The third student, more advanced, knew that the actor could be omitted in the passive. So he suggested The window has been broken. The first two nodded their agreement, but the fourth said ‘But the principal will still know that someone did it and will ask “Who by?” ’
Now this fourth student had read this book and so he knew all about the ergative, and how it could be used to present an action as a happening without any
‘actors’. So he suggested The window has broken. The other three looked at him in awe, and agreed. So that is what they said when they went to see the principal; and the principal just nodded and thanked them for telling him.
MORAL: grammar is good for you. (© Roger Berry 2012) Comments
Activity C7.1: In a) They refers to the clothes. We would normally expect clothes to be the object of clean, but here they are the subject and there is no object. Similarly, in b) the ship would normally be the object of build, or the subject of a passive ( . . . was being built), but here it is the subject.

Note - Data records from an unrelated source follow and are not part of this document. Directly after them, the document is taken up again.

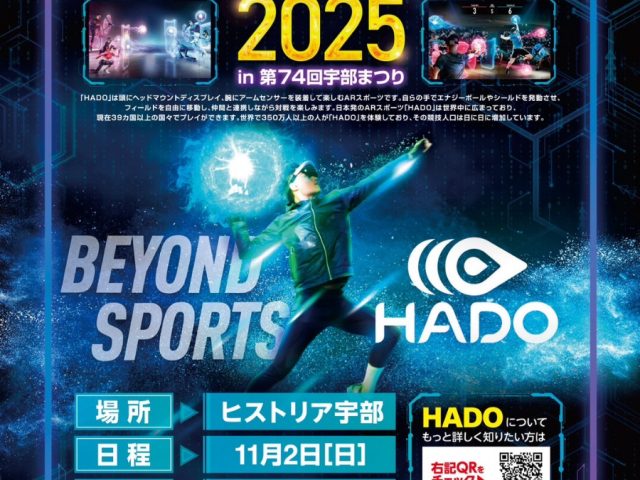 イベント情報 「宇部HADOフェス2025」で話題の新スポーツを体験!(2025/11/2) //昨年は2,000人が体験した人気イベントが今年も!\\話題の新スポーツが体験できる「宇部HADOフェス2025」が11月2日、ヒストリア宇部で開催されます。■「HADO」とは?AR(拡張現実)技術を使い、自分の手からエナジーボールやシー... 2025.10.23 イベント情報
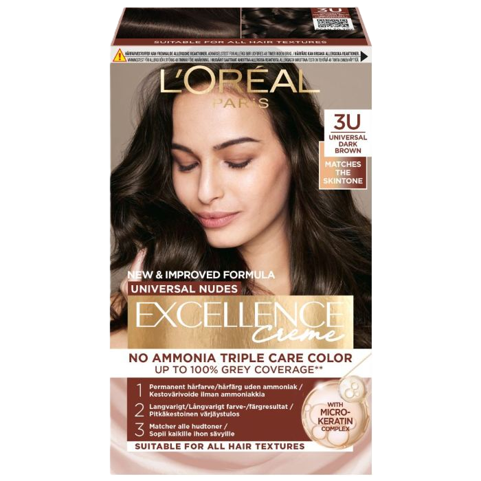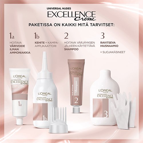 L'Oréal Paris Excellence Universal Nudes on kestoväri ilman ammoniakkia, joka sopii kaikille hiustyypeille. Koostumus sopii kaikille ihon sävyille, ravitsee ja antaa hiuksillesi kiiltoa** sekä peittää harmaat hiukset jopa 100 %*.
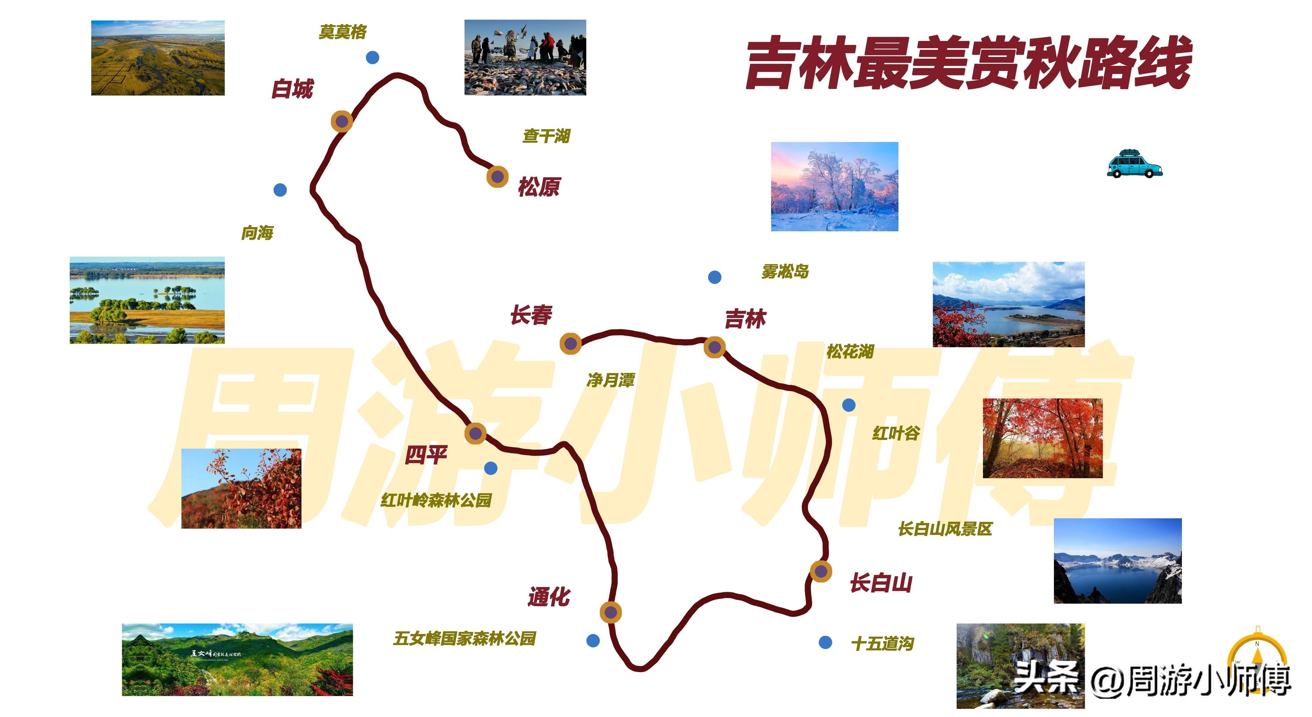 秋季的吉林绚丽多姿。从长春净月潭开始,到吉林雾凇岛虽主要赏雾凇,但秋季也有别样韵味。松花湖宁静优美,红叶谷红叶似火。

So although clean and build are normally transitive verbs, they are intransitive here, but intransitive in a different way from other verbs that we have already seen.
Activity C7.2:
fall intransitive Prices have fallen.
bounce ergative He bounced the ball. / The ball bounced.
show ergative He showed his anger. / His anger showed.
die intransitive Those flowers are dying.
(It can also be transitive with a cognate object: He died a painful death.) boil ergative She boiled the water. / The water boiled.
dance transitive/intransitive They danced. / They danced a samba.
Activity C7.3:
Transitive: 1, 2, 4, 5, 7, 9 (interrogative), 11, 13 (passive), 15 Ergative (intransitive): 3, 6, 8, 10, 12, 14
With the transitive sentences the subjects are basically agents (as discussed in A8 and D8), though in 11 and 13 the agent is not stated. With the ergatives, the subjects are basically people or things affected by the process of improvement.
Activity C7.4:
Transitive: 3 (passive), 4 (passive), 13, 16, 17 Ergative (intransitive): 1, 5, 9, 12, 18, 20
On lines 2, 7, 8, 10, 14, 15, 19 closed is an adjective; see C5.
Lines 6 and 11 are ambiguous; they could be transitive (passive) or adjective.
Note the phrasal verb closed down (which can be ergative, just like close) Note that close can also be intransitive with an object omitted: She closed (her talk) by saying . . . Here it is not ergative.